Wanneer de lymfocyt wordt geactiveerd, vermenigvuldigt deze zich en vormt nieuwe identieke cellen, specifiek voor het antigeen in kwestie en die zich in een "naïeve" of "naïeve" toestand bevindt, die niet wordt gewijzigd totdat ze voldoen aan het antigeen waarvoor ze "zijn ontworpen. ”.
Geprogrammeerde celdood
Het menselijk lichaam heeft, net als dat van veel zoogdieren, het vermogen om in zeer korte tijd honderden lymfocytische cellen te produceren.

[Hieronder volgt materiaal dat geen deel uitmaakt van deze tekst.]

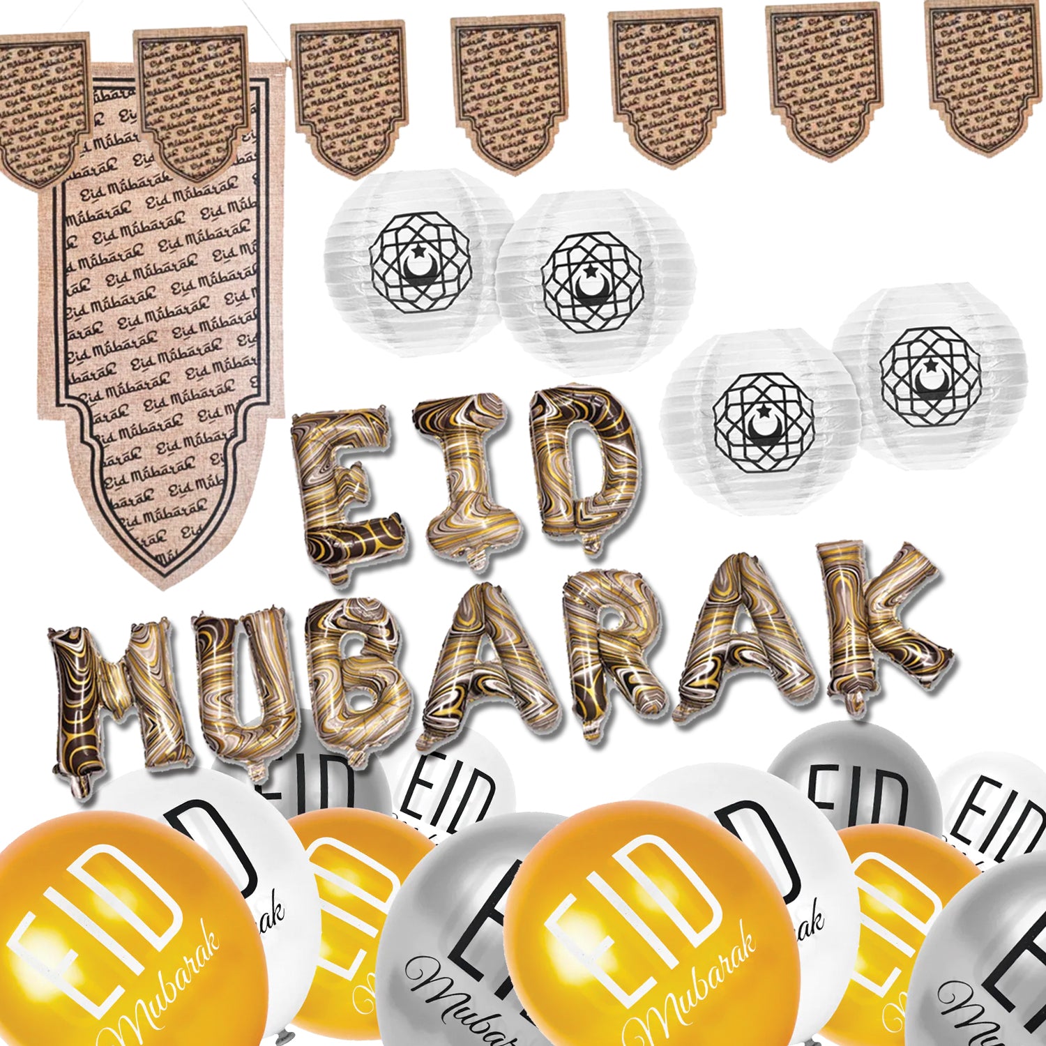 Marble 'Eid Mubarak' Foil Balloons, Hessian Bunting & Scroll, Latex Balloons & Lanterns Set (Set 23-8)
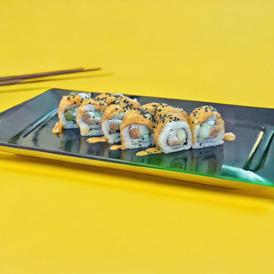 Salmon, aguacate, queso crema. Por fuera Ajonjoli y aderezo chipotle.
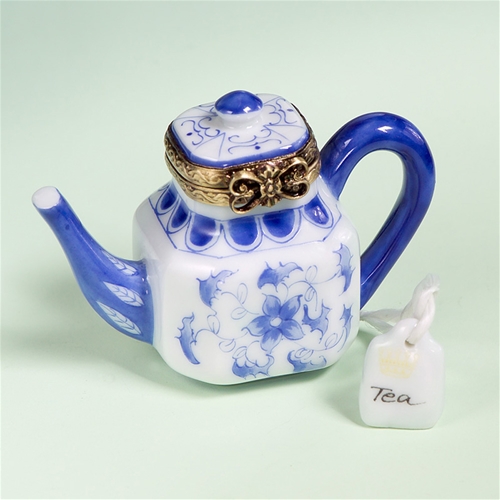 Limoges White Blue Flowers Teapot Box with Tea Bag
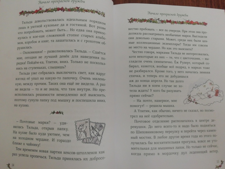 Очаровательные иллюстрации в книге, которые никого не оставят равнодушным. На мой взгляд, они очень уютные и спокойные. Такие иллюстрации прекрасно дополняют текст. По размеру они не очень большие и занимают не много места на развороте. Но они очень очаровательные, дочка любит их рассматривать. Книгу мы читали перед сном, но при переворачивании каждой странички, дочка просила показать рисунки в книге.
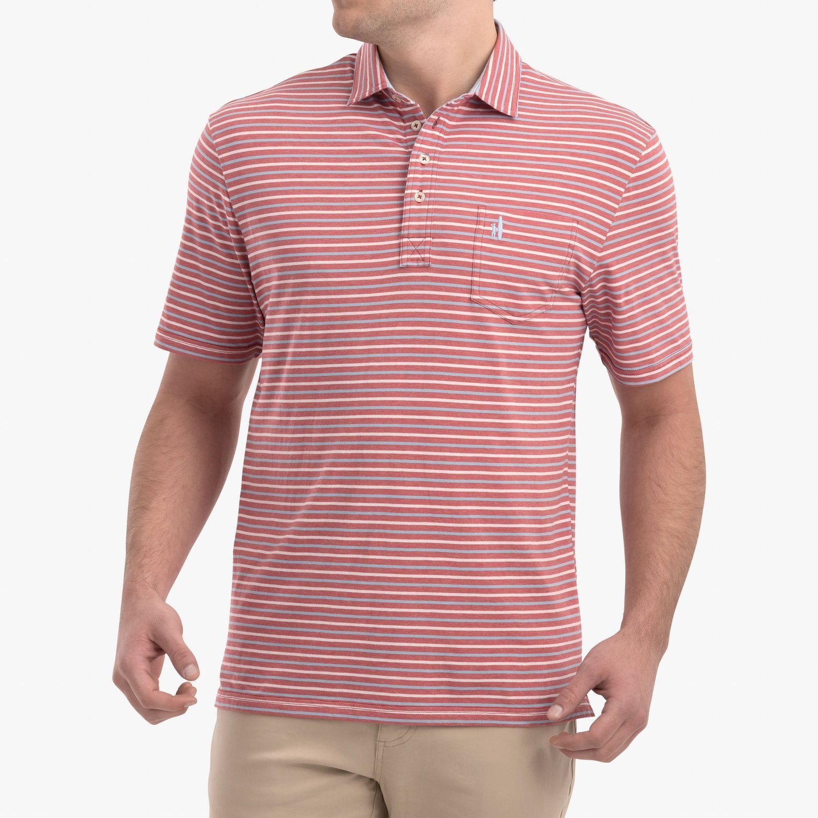 Johnnie O The Original 4 Button Polo Oakmont Stripe JMPO2360 Malibu Red

Bovendien, aangezien de differentiatie van een T-cel de willekeurige herschikking inhoudt van de genen die coderen voor de herkenningseiwitten van de antigenen die eraan worden gepresenteerd, zijn er honderden verschillende celpopulaties die verschillende "delen" van hetzelfde antigeen kunnen herkennen. of verschillende antigenen.
Deze veelheid aan cellen brengt bepaalde fysiologische gevaren met zich mee, aangezien sommige patronen die worden herkend door de membraanreceptoren van T-cellen zouden kunnen samenvallen met de patronen van sommige zelfmoleculen.
Bovendien zijn niet al deze cellen bestemd om hun functies onmiddellijk uit te voeren, aangezien ze interactie met het gedefinieerde antigeen vereisen.
Aldus wordt lymfocyt "homeostase" bereikt in de primaire lymfoïde organen, waardoor de geprogrammeerde celdoodroutes worden geactiveerd in die cellen die niet nodig zijn of die niet differentiëren en volledig rijpen.
Referenties
- Abbas, A., Murphy, K., & Sher, A. (1996). Functionele diversiteit van helper T-lymfocyten. Nature, 383, 787-793.
- Acteur, JK (2014). Inleidende immunologie basisconcepten voor interdisciplinaire toepassingen. London: Academic Press.
- In wezen K. (1988). Een functionele dichotomie in CD4 + T-lymfocyten. Immunology Today, 9 (9), 268–274.
- Cavanagh, M. (zd). T-cel activering. Britse Vereniging voor Immunologie.
- Reinherz, E., Haynes, B., Nadles, L., & Bernstein, I. (1986). Leukocyttypering II. Menselijke T-lymfocyten (deel 1). Springer.
- Smith-Garvin, JE, Koretzky, G. a, en Jordan, MS (2009). T-celactivering. Annu. Rev. Immunol. , 27, 591-619.